How do you simplify this equation:

(x^a+b)^a-b / (x^a-2b) ^ a+2b

without grouping symbols, it is anyones guess what the fraction is.

Sorry!

(x^ a+b) ^ (a-b) / (x^a-2b) ^ (a+2b)

simplify the expression using the properties of rational exponents 13 to ...

To simplify the given equation, let's break it down step by step.

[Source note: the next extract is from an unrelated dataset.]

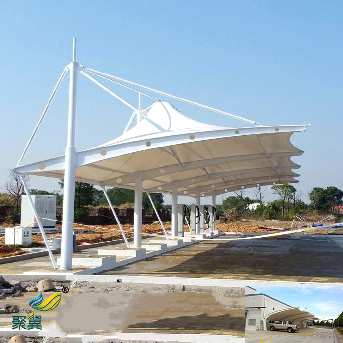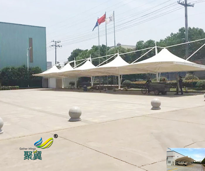 1、帽口膜結(jié)構(gòu)車棚有利排雨排雪功能,頂部拉索結(jié)構(gòu)增加建筑藝術(shù)感,造型時尚美觀。

Step 1: Simplify the numerator.
In the numerator, (x^a+b)^a-b, we can apply the exponent rules. According to the rule (a^b)^c = a^(b*c), we can simplify the expression as follows:
(x^a+b)^a-b = x^((a+b)*(a-b))

Step 2: Simplify the denominator.
In the denominator, (x^a-2b)^a+2b, again, we can apply the exponent rules. Using the same rule mentioned above, we simplify:
(x^a-2b)^a+2b = x^((a-2b)*(a+2b))

Step 3: Combine the numerator and denominator.
Now that we have simplified both the numerator and the denominator, the simplified equation becomes:
x^((a+b)*(a-b))/x^((a-2b)*(a+2b))

Step 4: Apply the quotient rule of exponents.
Using the quotient rule of exponents, when dividing two exponential expressions with the same base, we subtract the exponents. Therefore, in our equation, subtracting the exponents gives us:
x^(((a+b)*(a-b))-((a-2b)*(a+2b)))

Step 5: Simplify the exponent expression.
Now, it's time to simplify the exponent expression. Distribute and simplify:
(a+b)*(a-b) = a^2 - b^2
(a-2b)*(a+2b) = a^2 - (2b)^2 = a^2 - 4b^2

Substituting these values back into our equation:
x^(((a+b)*(a-b))-((a-2b)*(a+2b))) = x^(a^2 - b^2 - (a^2 - 4b^2))

Step 6: Simplify further.
Now, we need to simplify the expression inside the exponent:
a^2 - b^2 - (a^2 - 4b^2) = -3b^2

Replacing this value in our equation, we get:
x^(-3b^2)

So, the simplified equation is x^(-3b^2).